Greek medics try to go in, but the Turks shoot over their heads, refusing to let them move forward. Forty minutes pass from the moment they cut him apart with machine gun fire to the arrival of the United Nations troops to retrieve him. In his hand they find a brown bag holding a carton of cigarettes and a bottle of Cyprus brandy, and everyone just shakes their heads. What was he thinking, the poor boy, that he had made friends with the other side?

It is not the first time that soldiers arranged to exchange gifts across the Green Line, their judgment clouded by the boredom of those long, hot brown hours—stale, fly-infested hours that stank of tired nationalism, pointless waiting and absurdity.

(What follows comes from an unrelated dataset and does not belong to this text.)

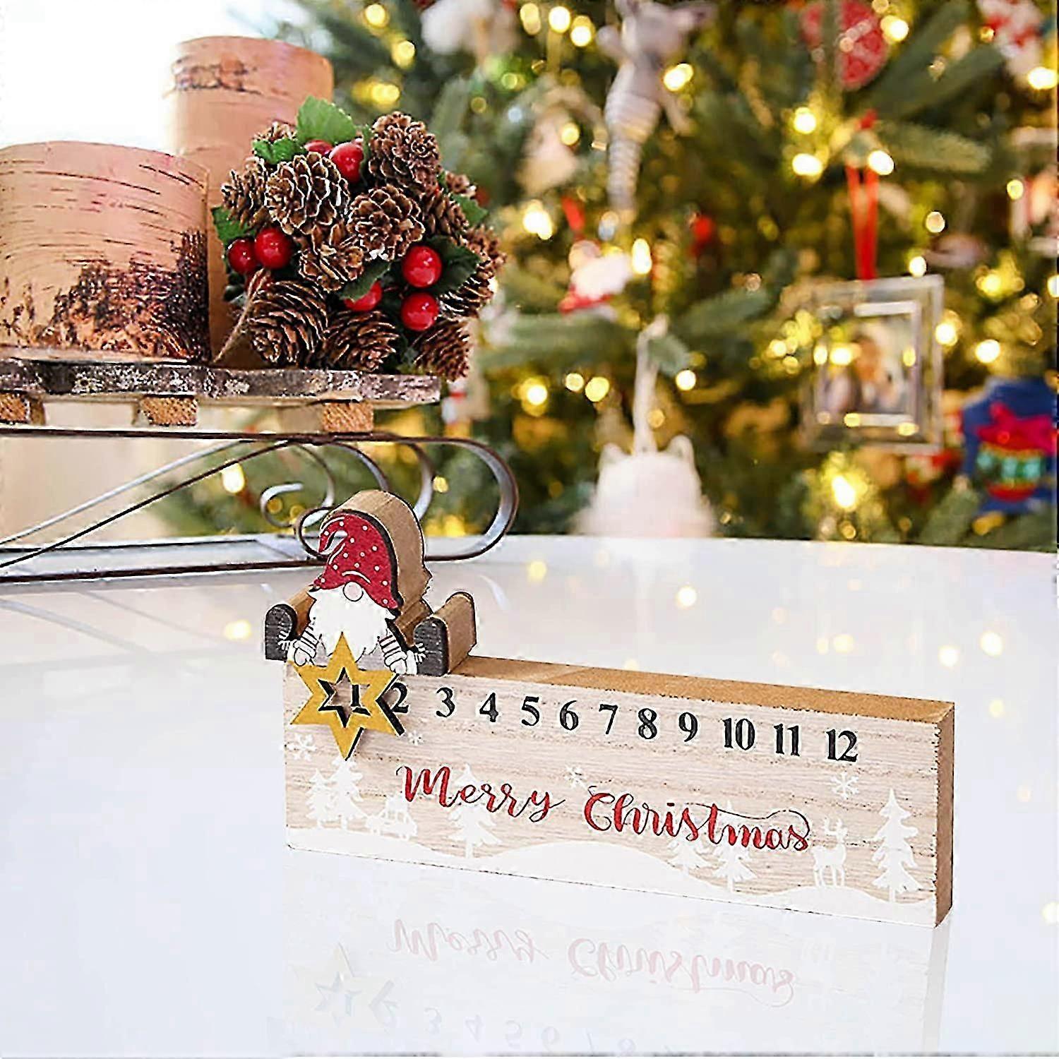 Christmas Wood Sign Wooden Mobile Calendar Decoration Faceless Old Man Christmas Countdown Signs

It is of course the Greeks who bring gifts. The Turks have nothing, especially the boys from deep Anatolia, who, they say, are literally starving when they come to occupy this foreign land that they are told is Turkish.

The Turks say the boy had ignored an order to halt—and who knew what was true?

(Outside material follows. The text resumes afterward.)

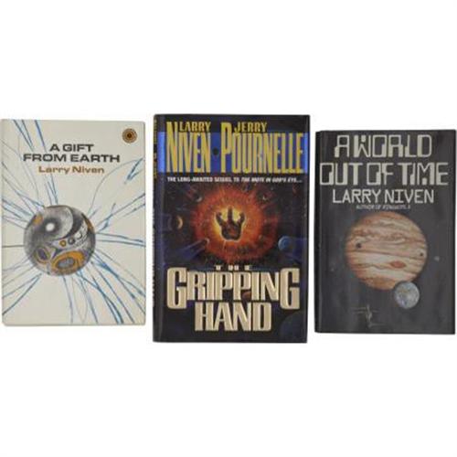 <B>Larry Niven. Three First Editions, Two Inscribed,</B></I> including: <B><I>A World Out of Time</B></I></B></I>. New York: Holt, Rinehart and Winston, [1976]. First edition. Inscribed by the author on the title page. Octavo. 243 pages. Publisher's blue cloth over blue paper boards with silver spine titles. In original pictorial dust jacket. Textblock toned around the edges, and minimal wear to the dust jacket edges, else fine. [and:] <B><I>A Gift from Earth</B></I></B></I>. New York: Walker and Company, [1970]. First American hardcover edition. Inscribed by the author on the title page. Octavo. 254 pages. Publisher's white cloth with black spine titles. In original pictorial dust jacket. Light rubbing to the boards at the spine folds, and the bottom edge, with light brown staining along the bottom edge of the boards. Dust jacket has minor wear at the spine ends, else a fine copy. [and:] [with Jerry Pournelle] <B><I>The Gripping Hand</B></I></B></I>. New York: Pocket Books, [1993]. First edition. Octavo. 401 pages. Publisher's dark blue cloth over blue paper boards with gilt spine titles. In original pictorial dust jacket. Minimal shelf wear to the book and dust jacket, else fine. <I>From the Robert and Diane Yaspan Collection.</B></I><BR><BR><b>Shipping:</b> Books & Catalogs (<a target="_blank" href="http://www.heritageauctions.com/common/shipping.php">view shipping information</a>)

Correctly speaking, the Turk who shot him was doing his duty. Petros’ uncle Michalis says this, one day when Petros and his cousin Elias are on leave, eating roasted chicken and potatoes, salad and pickled caper greens—the ones with thorny stems that stick in your throat—at Michalis’ hotel by the beach. Never trust a Turk, he says.

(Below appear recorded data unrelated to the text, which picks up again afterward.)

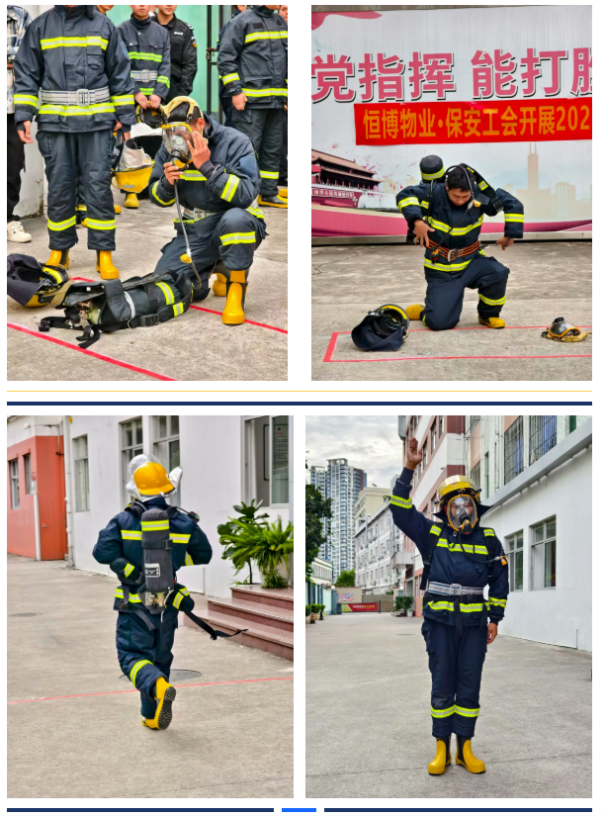 赛场之上,专业与专注交织,技能与速度碰撞。随着裁判员一声令下,消防技能比赛率先拉开帷幕。消防灭火服穿戴环节中,选手们争分夺秒,双手翻飞间便完成安全帽佩戴、消防服套穿、腰带系紧、防毒面具贴合等一系列动作,利落的身手赢得现场阵阵掌声;
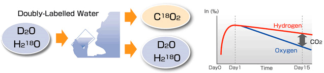 O TEE (Total Energy Expenditure) de seres humanos ou animais pode ser medido pela administração de DLW a indivíduos experimentais e após a perda diferencial de Deutério e isótopos de Oxygen-18 do corpo.
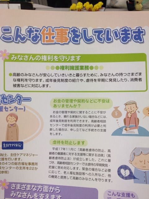 職員さんは高齢者の方が、詐欺にあったりしないように相談を受けたら立会してりしているとの事をパンフレットで説明してくれました。
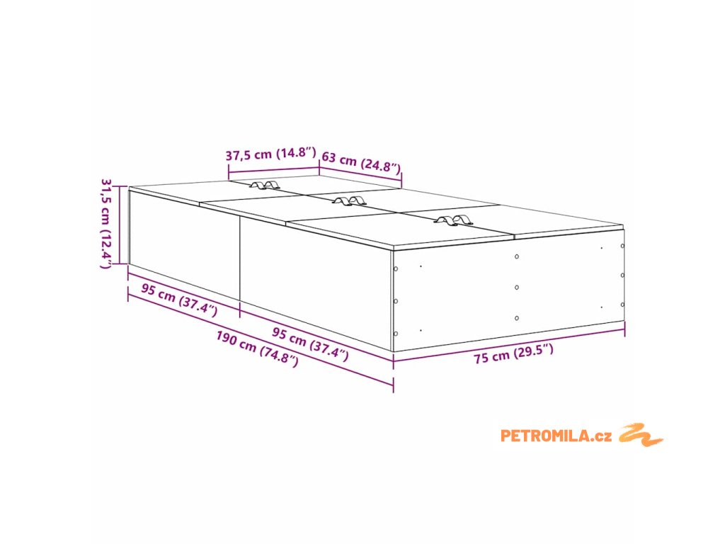 - Celkové rozměry: 190 x 75 x 31,5 cm (D x Š x V)

It is at that moment that Petros realizes how impossible it is to die significantly anymore. Once, he thinks, no one forgot a hero, and all soldiers were heroes, but that has not been true for a long time. Now a soldier’s death has no more meaning than that of a reckless boy on a fast motorcycle who tries to pass a lumbering fruit truck too quickly and runs headlong into oncoming traffic.

The moment passes, and none of the boys bring up the dead soldier again. A sweet-faced boy died for a reason they can’t understand, and the days creep by like sleepy wild animals.